START Material provided

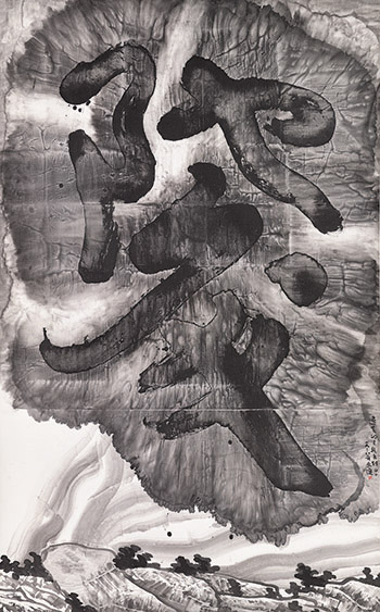 1983年至1986年間,他在浙江美術學院創作的《遺失的王朝》系列作品中,解構和重構的篆書字體多以書法的形態呈現。進入1990年代中期之後,他逐步將自造的字體與傳統水墨山水結合。傳統水墨的勾線,暈染,潑墨與不能辨別的「谷氏簡字」結合,形成風格獨特的畫面。他用微妙的文字關係反映錯綜複雜的傳統與歷史,被解構的文字顛覆和破壞了傳統觀念和形式體系。這種文字與圖像的思辨與美國普普藝術大師愛德華.魯沙有異曲同工之妙。魯沙關注的更多是美國流行文化與文字的關係。在西方藝術傳統中,文字一直被視作是對圖像的入侵,而魯沙則用文字來構建圖像,創作作品。相反地,中國的文人畫傳統中,優雅的詩文是對畫面的補充說明,書畫不分家,畫面上的題字與詩詞協助觀者理解畫面或作者抒情的方式。在Lot 070《遺失的王朝G系列十號》中,作為畫面補充說明的文字成為了畫面的主體,淡墨勾勒的山石和濃墨點染的樹叢構成的山水圖示則反主為客,退居從屬地位。看似熟悉的圖像挑戰著人們對於傳統中國畫的認知和理解。1987年谷文達移居美國,他在文化接受和藝術表達上獲得了跟多的空間。《遺失的王朝》系列也隨之延展了其文化內涵的深度和廣度。從1980年代早期的繪畫探索延展至書寫性的文字實驗,再將書寫與傳統圖示相結合,拓展說莫的邊界。他的實踐證明瞭中國的文化符號也可以在世界文化中具有普遍性,得到廣泛的共鳴。
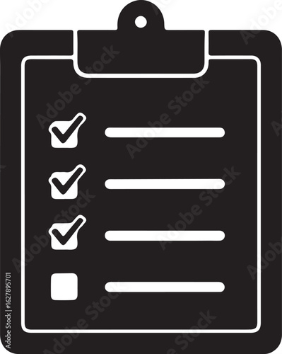 Clipboard with checklist icon in silhouette white background.
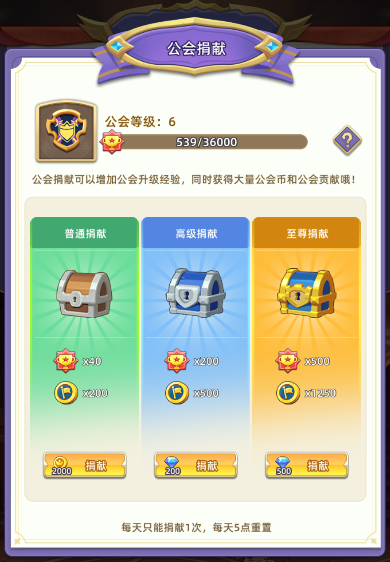 公会捐献可以增加公会升级经验,同时个人也能获得公会贡献和大量公会币。公会币可用于公会商店购买物品。
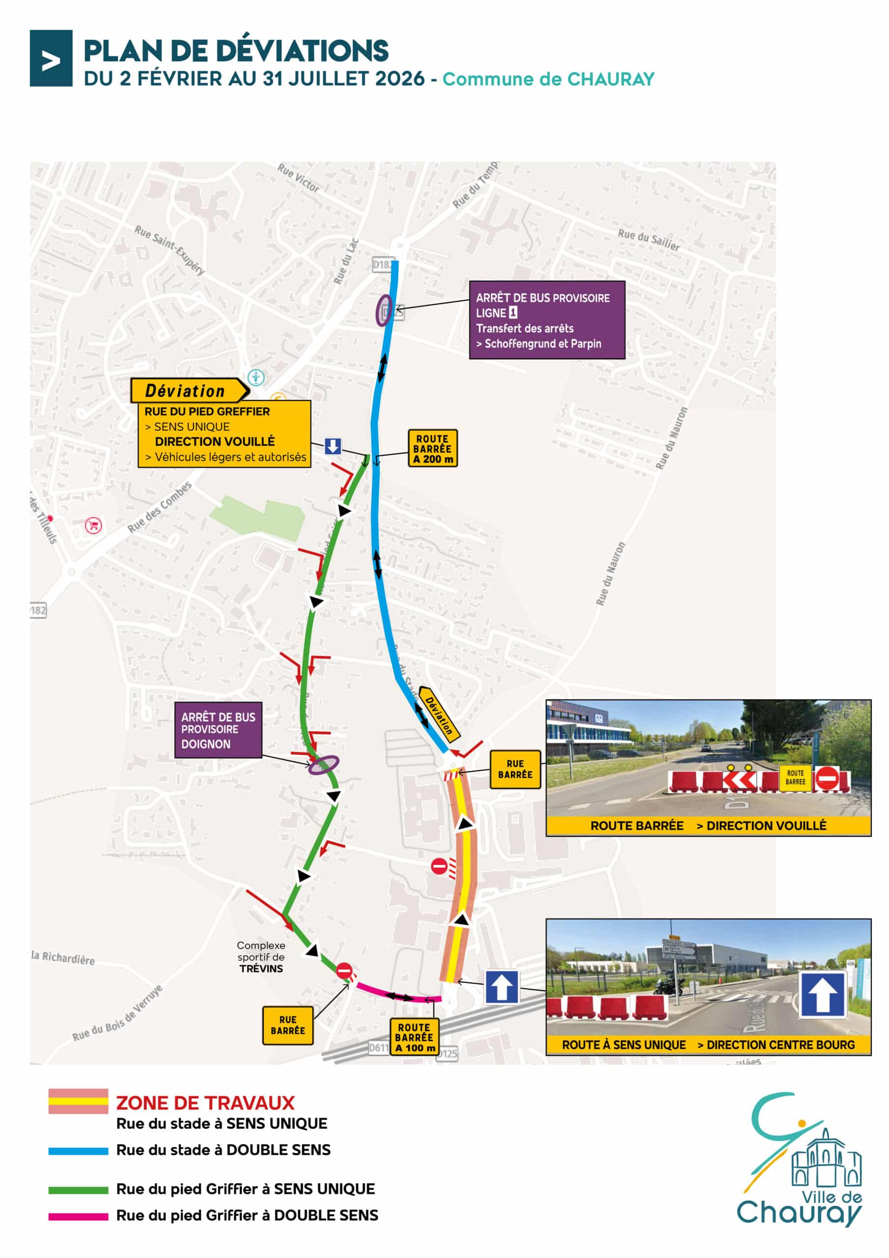 - Les arrêts Schöffengrund et Chauray Parpin ne sont pas desservis. Arrêt le plus proche "Versaines" au niveau du n° 100 rue du Stade à Chauray.
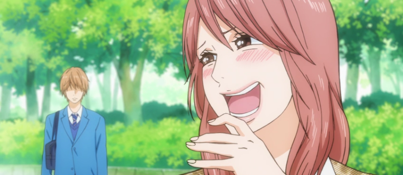 I haven’t mentioned that particular theory before because I frankly didn’t see it—I was very much in the “Best Dudes Forever” camp, as you know—but this week sure seemed to be dropping a lot of hints to the contrary, from the kissing scene to Suna glancing away and quietly announcing Takeo’s coolness to Ai’s lament about wishing she was a guy “like Suna” so she could be friends with Takeo. So now I can’t help but wonder if the creator isn’t setting us up for a reveal at some point. Ai’s line was either epic foreshadowing or queer erasure (sadly common in anime/manga focusing on hetero relationships), and given the choice between the two, I ‘spect I’d prefer the former.
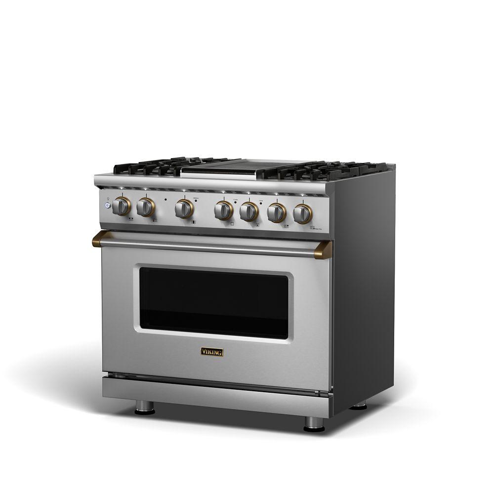 The brand Viking VDR5366BAN is a vibrant 36‑inch dual fuel range in Autumn finish, offering six sealed burners with VariSimmer™, spacious dual convection-capable ovens with self-clean, continuous grates, halogen lighting, hidden bake elements, and SureSpark™ ignition—combining reliability with bold color.
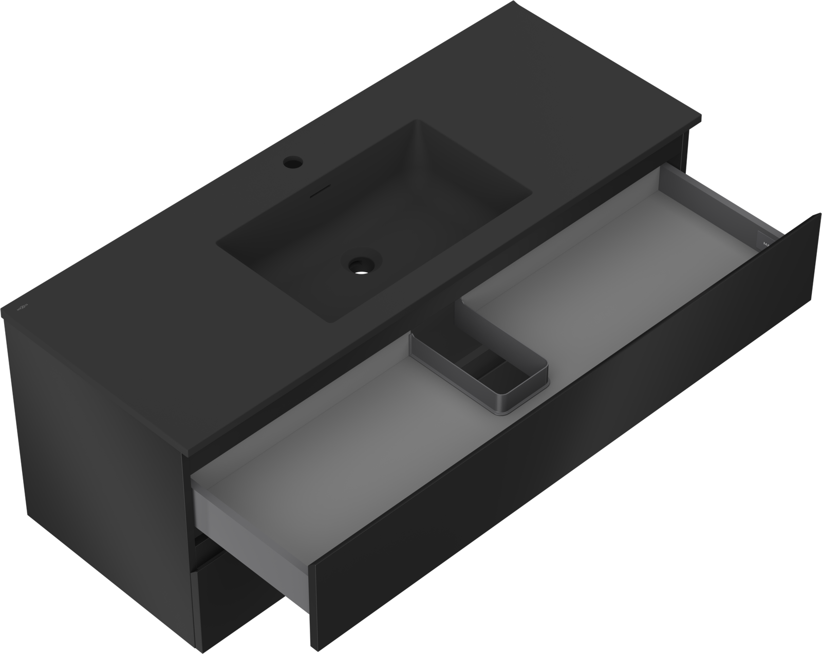 Mexen Orio badkamerkast 120 cm met Otis wastafel, 2 lades, zwart mat - 91A10-12047-2-BFF71-W18M71

END Material provided

* _Task_: Once the pictures are set aside, transcribe the remaining lines above exactly.

* _Your solution_:
 1983年至1986年間,他在浙江美術學院創作的《遺失的王朝》系列作品中,解構和重構的篆書字體多以書法的形態呈現。進入1990年代中期之後,他逐步將自造的字體與傳統水墨山水結合。傳統水墨的勾線,暈染,潑墨與不能辨別的「谷氏簡字」結合,形成風格獨特的畫面。他用微妙的文字關係反映錯綜複雜的傳統與歷史,被解構的文字顛覆和破壞了傳統觀念和形式體系。這種文字與圖像的思辨與美國普普藝術大師愛德華.魯沙有異曲同工之妙。魯沙關注的更多是美國流行文化與文字的關係。在西方藝術傳統中,文字一直被視作是對圖像的入侵,而魯沙則用文字來構建圖像,創作作品。相反地,中國的文人畫傳統中,優雅的詩文是對畫面的補充說明,書畫不分家,畫面上的題字與詩詞協助觀者理解畫面或作者抒情的方式。在Lot 070《遺失的王朝G系列十號》中,作為畫面補充說明的文字成為了畫面的主體,淡墨勾勒的山石和濃墨點染的樹叢構成的山水圖示則反主為客,退居從屬地位。看似熟悉的圖像挑戰著人們對於傳統中國畫的認知和理解。1987年谷文達移居美國,他在文化接受和藝術表達上獲得了跟多的空間。《遺失的王朝》系列也隨之延展了其文化內涵的深度和廣度。從1980年代早期的繪畫探索延展至書寫性的文字實驗,再將書寫與傳統圖示相結合,拓展說莫的邊界。他的實踐證明瞭中國的文化符號也可以在世界文化中具有普遍性,得到廣泛的共鳴。
 Clipboard with checklist icon in silhouette white background.
 公会捐献可以增加公会升级经验,同时个人也能获得公会贡献和大量公会币。公会币可用于公会商店购买物品。
 - Les arrêts Schöffengrund et Chauray Parpin ne sont pas desservis. Arrêt le plus proche "Versaines" au niveau du n° 100 rue du Stade à Chauray.
 I haven’t mentioned that particular theory before because I frankly didn’t see it—I was very much in the “Best Dudes Forever” camp, as you know—but this week sure seemed to be dropping a lot of hints to the contrary, from the kissing scene to Suna glancing away and quietly announcing Takeo’s coolness to Ai’s lament about wishing she was a guy “like Suna” so she could be friends with Takeo. So now I can’t help but wonder if the creator isn’t setting us up for a reveal at some point. Ai’s line was either epic foreshadowing or queer erasure (sadly common in anime/manga focusing on hetero relationships), and given the choice between the two, I ‘spect I’d prefer the former.
 The brand Viking VDR5366BAN is a vibrant 36‑inch dual fuel range in Autumn finish, offering six sealed burners with VariSimmer™, spacious dual convection-capable ovens with self-clean, continuous grates, halogen lighting, hidden bake elements, and SureSpark™ ignition—combining reliability with bold color.
 Mexen Orio badkamerkast 120 cm met Otis wastafel, 2 lades, zwart mat - 91A10-12047-2-BFF71-W18M71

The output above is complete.